REQUIRED WORK » Work through the listing below and give again exactly the lines from the one with "Empanada al horno" to the one with "Inspiré par sa", both ends included. All other lines and all pictures stay out.
[STORED DATA Boundary: Start]
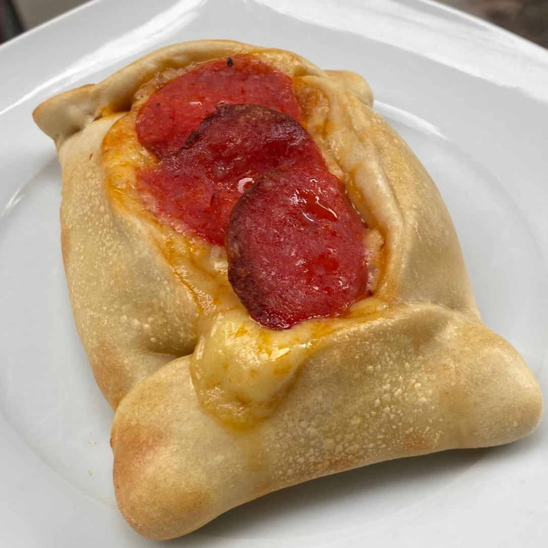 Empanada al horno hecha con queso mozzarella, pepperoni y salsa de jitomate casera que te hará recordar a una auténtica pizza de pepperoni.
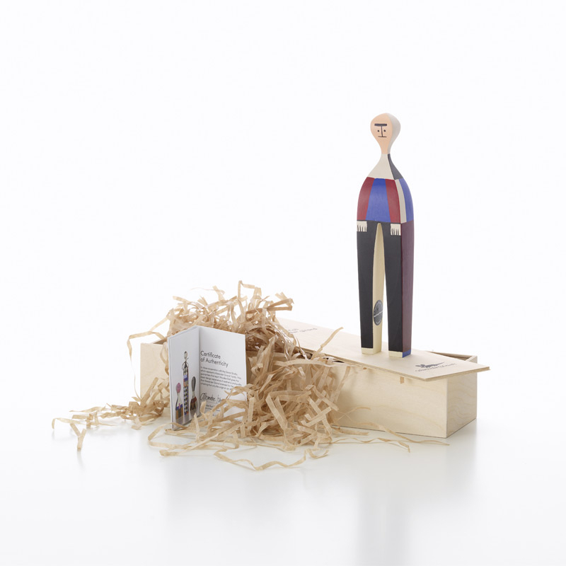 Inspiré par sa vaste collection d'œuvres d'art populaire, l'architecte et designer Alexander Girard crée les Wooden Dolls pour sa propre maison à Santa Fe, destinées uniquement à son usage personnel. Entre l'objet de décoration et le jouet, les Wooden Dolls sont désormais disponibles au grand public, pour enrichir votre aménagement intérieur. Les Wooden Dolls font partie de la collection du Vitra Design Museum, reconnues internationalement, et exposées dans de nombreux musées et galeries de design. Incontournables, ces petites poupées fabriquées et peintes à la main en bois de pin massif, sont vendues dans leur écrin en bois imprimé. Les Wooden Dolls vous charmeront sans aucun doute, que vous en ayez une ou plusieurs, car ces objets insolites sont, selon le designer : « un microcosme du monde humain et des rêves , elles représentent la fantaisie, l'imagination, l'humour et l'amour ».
[STORED DATA Boundary: End]
[STORED DATA Boundary: Start]
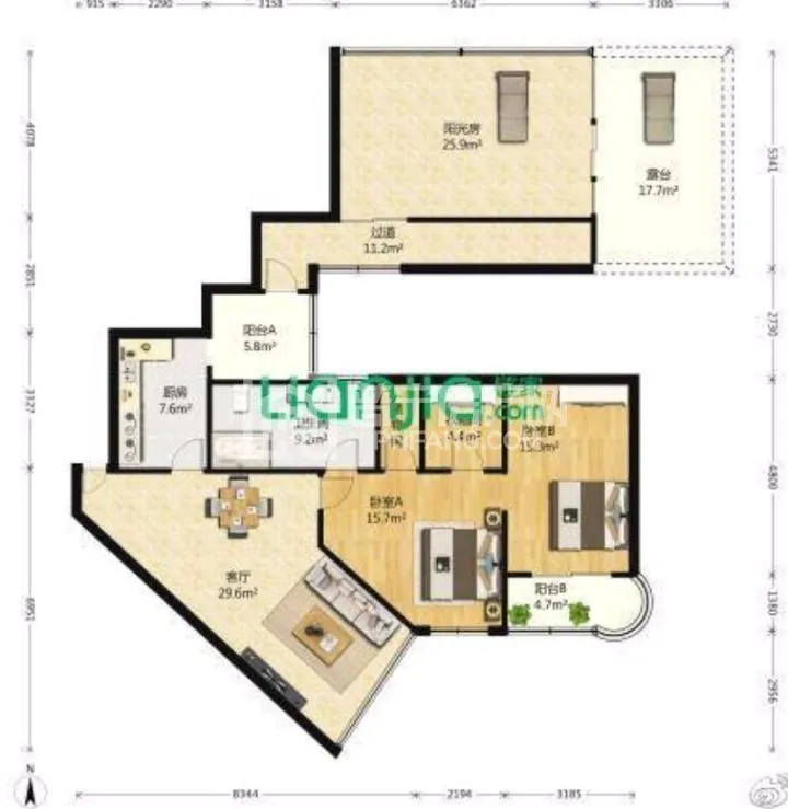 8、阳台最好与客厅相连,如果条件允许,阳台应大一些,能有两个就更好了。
[STORED DATA Boundary: End]
[STORED DATA Boundary: Start]
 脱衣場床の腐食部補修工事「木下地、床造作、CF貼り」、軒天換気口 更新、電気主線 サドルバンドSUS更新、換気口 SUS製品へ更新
[STORED DATA Boundary: End]
EXERCISE RESULT »
 Empanada al horno hecha con queso mozzarella, pepperoni y salsa de jitomate casera que te hará recordar a una auténtica pizza de pepperoni.
 Inspiré par sa vaste collection d'œuvres d'art populaire, l'architecte et designer Alexander Girard crée les Wooden Dolls pour sa propre maison à Santa Fe, destinées uniquement à son usage personnel. Entre l'objet de décoration et le jouet, les Wooden Dolls sont désormais disponibles au grand public, pour enrichir votre aménagement intérieur. Les Wooden Dolls font partie de la collection du Vitra Design Museum, reconnues internationalement, et exposées dans de nombreux musées et galeries de design. Incontournables, ces petites poupées fabriquées et peintes à la main en bois de pin massif, sont vendues dans leur écrin en bois imprimé. Les Wooden Dolls vous charmeront sans aucun doute, que vous en ayez une ou plusieurs, car ces objets insolites sont, selon le designer : « un microcosme du monde humain et des rêves , elles représentent la fantaisie, l'imagination, l'humour et l'amour ».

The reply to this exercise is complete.